*Work task*:
Give the data again word for word; drop the pictures.

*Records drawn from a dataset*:
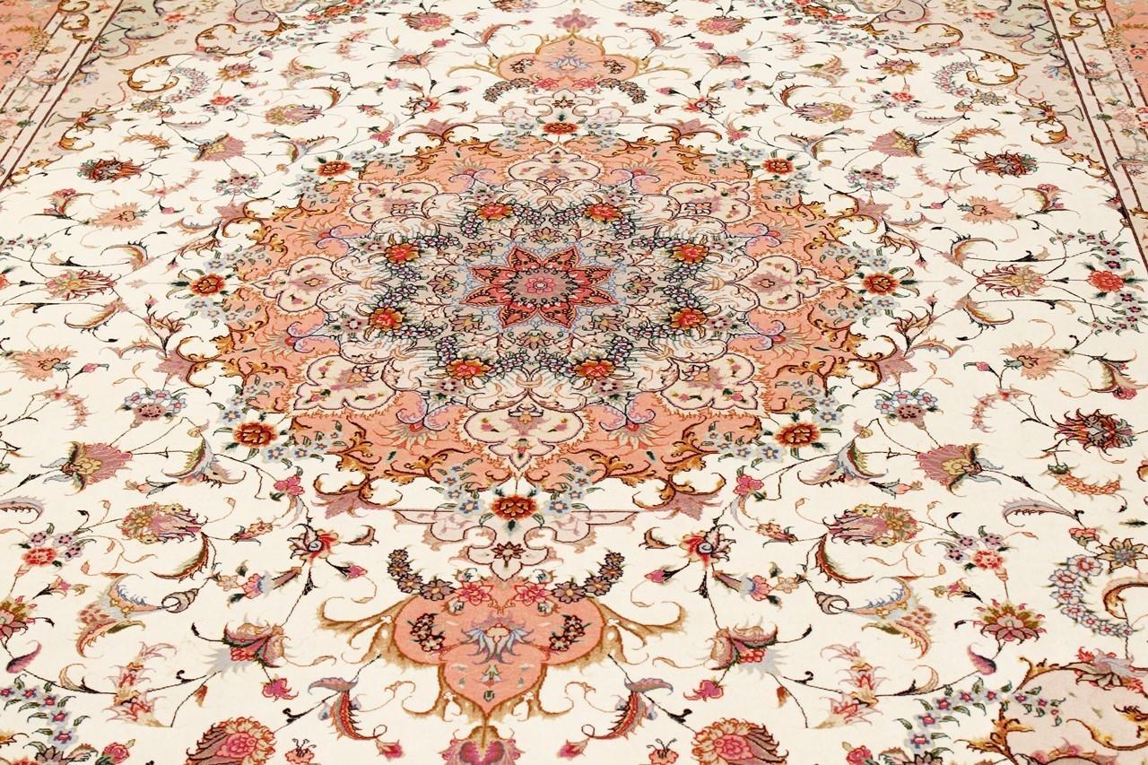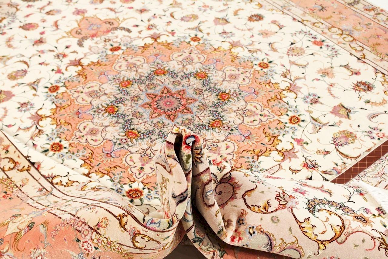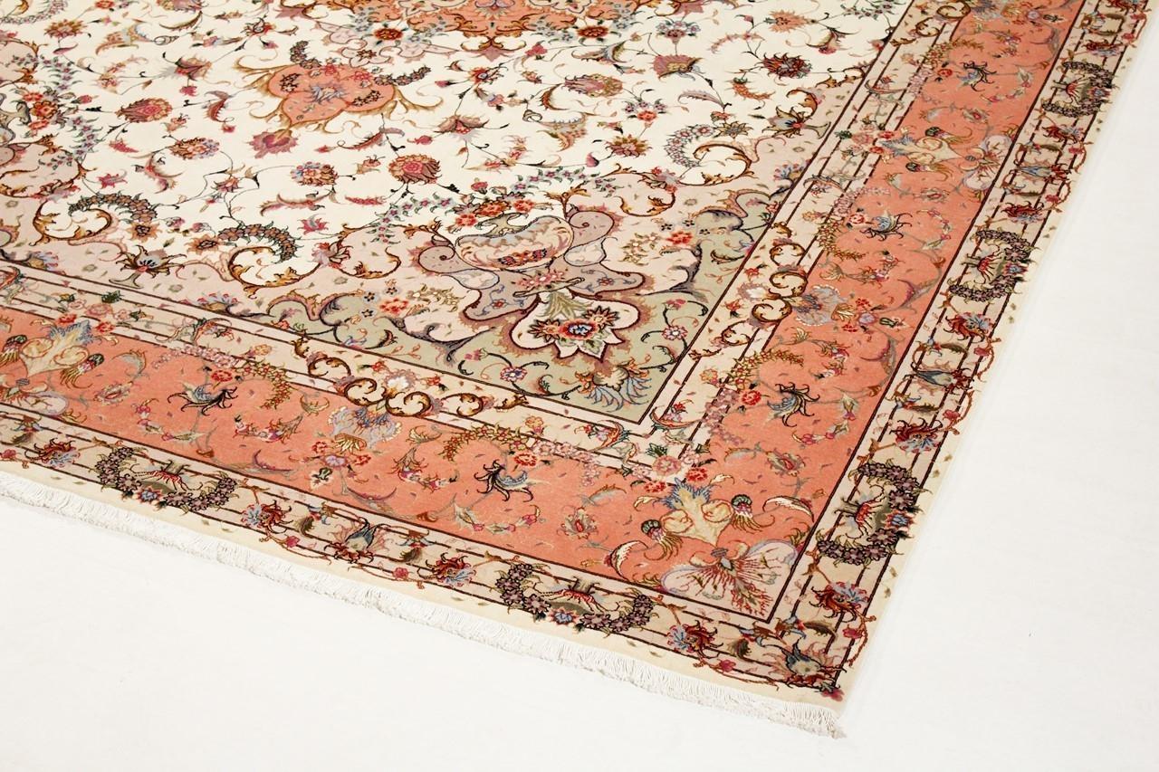 Carpet ID: 68120029257 Size: 357x251 cm Thickness: ap. 7 mm Knot density: 450 000 - 500 000 / m² Manufacturing: Knotted by hand Pile: Wool with silk Warp: Cotton Origin: Persia Age: New Weight: ap. 27 kg Also know as Tabriz, Tabris, Täbris, Tebriz, Tebris, 40Raj, 50Raj In stock: Unique - Only 1 in stock
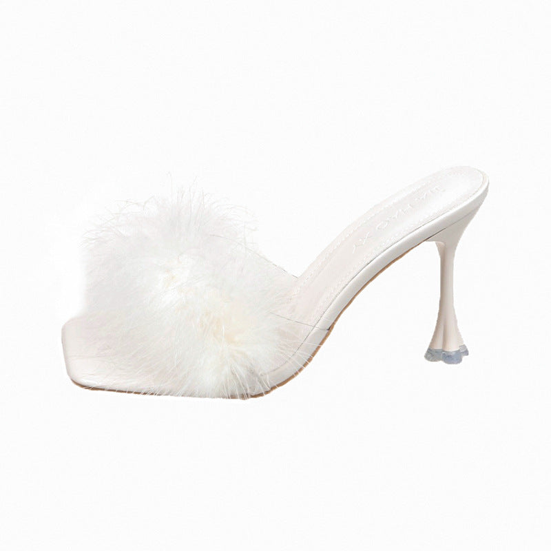 Træd ind i luksus og elegance med vores elegante open-toe højhælede slide sandaler til damer, der har eksklusive pelsdekorationer. Perfekt til særlige lejligheder eller en stilfuld aften, tilbyder disse sandaler både stil og komfort.
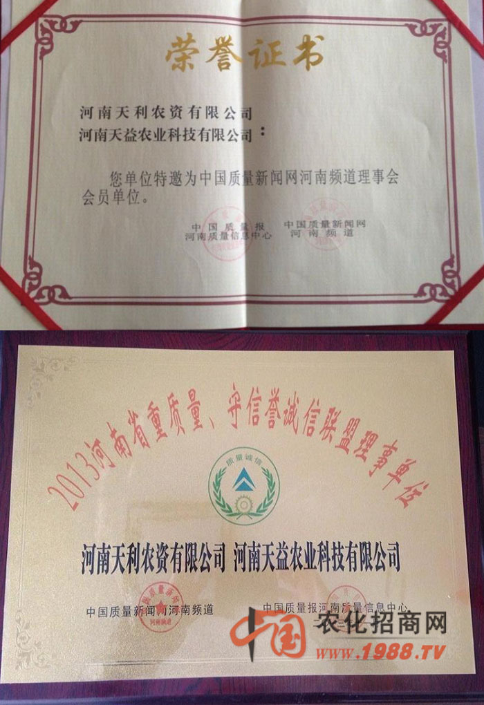 河南天利農(nóng)資有限公司為更好拓展市場(chǎng)和適應(yīng)市場(chǎng)發(fā)展趨勢(shì),2013年9月注冊(cè)分公司“河南天益農(nóng)業(yè)科技有限公司”注冊(cè)資金為2000萬(wàn)元,涉及行業(yè):農(nóng)業(yè)技術(shù)服務(wù)、開發(fā);化肥;種子;貨物進(jìn)出口業(yè)務(wù)。不僅讓更多農(nóng)民朋友乃至東南亞各國(guó)的農(nóng)民朋友用到河南天利農(nóng)的增產(chǎn)系列產(chǎn)品,天利農(nóng)秉著服務(wù)三農(nóng),造福全世界農(nóng)民之宗旨,不斷打造出更好更省心更適合農(nóng)民的好農(nóng)藥。2013年河南天利農(nóng)資有限公司被國(guó)家輕工業(yè)部評(píng)為《著名品牌》;河南質(zhì)量監(jiān)督局評(píng)為《重質(zhì)量守信譽(yù)企業(yè)》;由河南科技報(bào)社為代表的八家單位評(píng)為《河南省科技創(chuàng)新具影響力企業(yè)》;
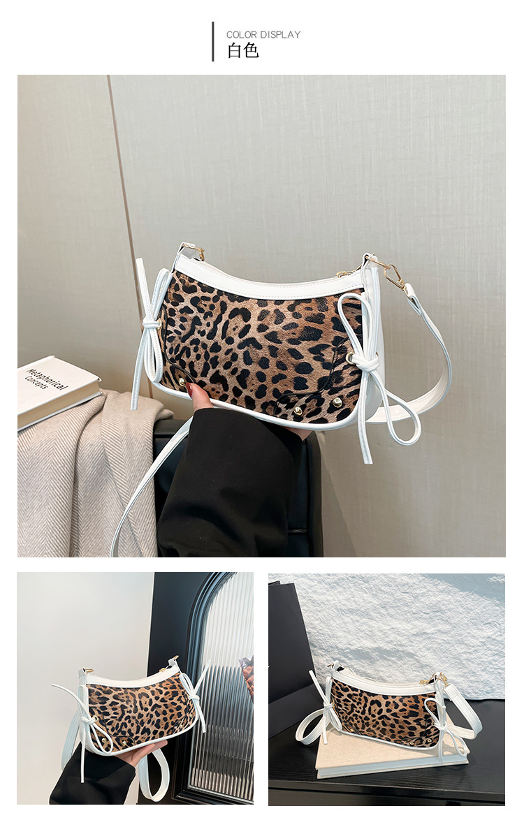 2025新型ファッション豹紋レトロしわ蝶結び欧個性シングル肩斜め掛け脇下女性カバンカバン
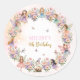 Sticker Rond Whimsical flower fairy garden 4th birthday
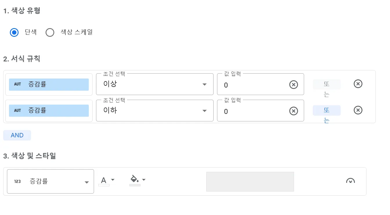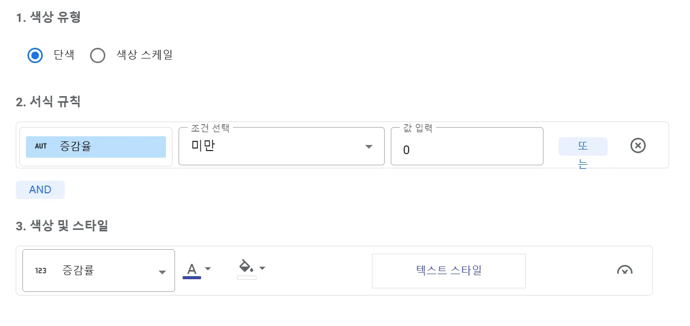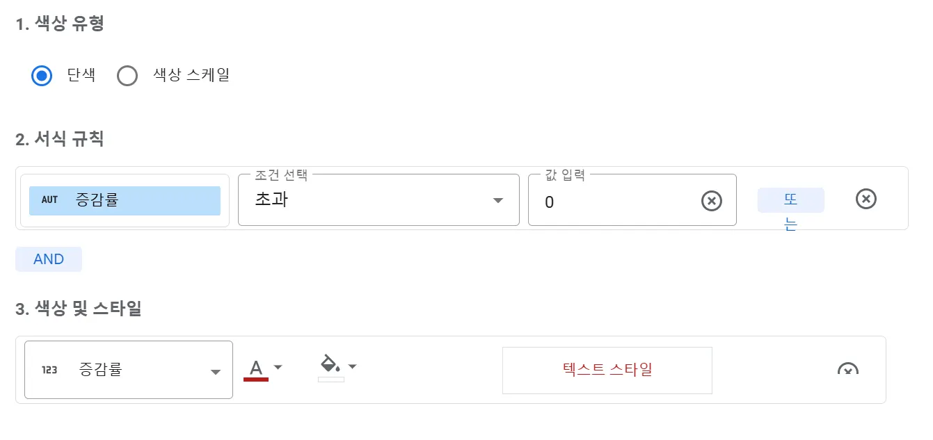 (1) 색상 유형: 색상 유형 옵션은 단색과 색상 스케일로 나뉩니다. ‘단색’은 특정 조건에 따라 셀이나 텍스트의 색상을 한 가지 색상으로 지정합니다. 간단한 조건을 기반으로 데이터를 시각적으로 분류하기에 적합합니다. ‘색상 스케일’은 숫자 값의 범위에 따라 색상이 점진적으로 변화하는 스케일을 적용합니다. 값의 크기를 상대적으로 비교하거나, 데이터를 연속적인 스펙트럼으로 시각화하고 싶다면 ‘색상 스케일’ 옵션이 적합합니다. 이번 예시에서는 ‘단색’ 옵션을 적용하였습니다.

*Completed exercise*:
 Carpet ID: 68120029257 Size: 357x251 cm Thickness: ap. 7 mm Knot density: 450 000 - 500 000 / m² Manufacturing: Knotted by hand Pile: Wool with silk Warp: Cotton Origin: Persia Age: New Weight: ap. 27 kg Also know as Tabriz, Tabris, Täbris, Tebriz, Tebris, 40Raj, 50Raj In stock: Unique - Only 1 in stock
 Træd ind i luksus og elegance med vores elegante open-toe højhælede slide sandaler til damer, der har eksklusive pelsdekorationer. Perfekt til særlige lejligheder eller en stilfuld aften, tilbyder disse sandaler både stil og komfort.
 河南天利農(nóng)資有限公司為更好拓展市場(chǎng)和適應(yīng)市場(chǎng)發(fā)展趨勢(shì),2013年9月注冊(cè)分公司“河南天益農(nóng)業(yè)科技有限公司”注冊(cè)資金為2000萬(wàn)元,涉及行業(yè):農(nóng)業(yè)技術(shù)服務(wù)、開發(fā);化肥;種子;貨物進(jìn)出口業(yè)務(wù)。不僅讓更多農(nóng)民朋友乃至東南亞各國(guó)的農(nóng)民朋友用到河南天利農(nóng)的增產(chǎn)系列產(chǎn)品,天利農(nóng)秉著服務(wù)三農(nóng),造福全世界農(nóng)民之宗旨,不斷打造出更好更省心更適合農(nóng)民的好農(nóng)藥。2013年河南天利農(nóng)資有限公司被國(guó)家輕工業(yè)部評(píng)為《著名品牌》;河南質(zhì)量監(jiān)督局評(píng)為《重質(zhì)量守信譽(yù)企業(yè)》;由河南科技報(bào)社為代表的八家單位評(píng)為《河南省科技創(chuàng)新具影響力企業(yè)》;
 2025新型ファッション豹紋レトロしわ蝶結び欧個性シングル肩斜め掛け脇下女性カバンカバン
 Sticker Rond Whimsical flower fairy garden 4th birthday
 (1) 색상 유형: 색상 유형 옵션은 단색과 색상 스케일로 나뉩니다. ‘단색’은 특정 조건에 따라 셀이나 텍스트의 색상을 한 가지 색상으로 지정합니다. 간단한 조건을 기반으로 데이터를 시각적으로 분류하기에 적합합니다. ‘색상 스케일’은 숫자 값의 범위에 따라 색상이 점진적으로 변화하는 스케일을 적용합니다. 값의 크기를 상대적으로 비교하거나, 데이터를 연속적인 스펙트럼으로 시각화하고 싶다면 ‘색상 스케일’ 옵션이 적합합니다. 이번 예시에서는 ‘단색’ 옵션을 적용하였습니다.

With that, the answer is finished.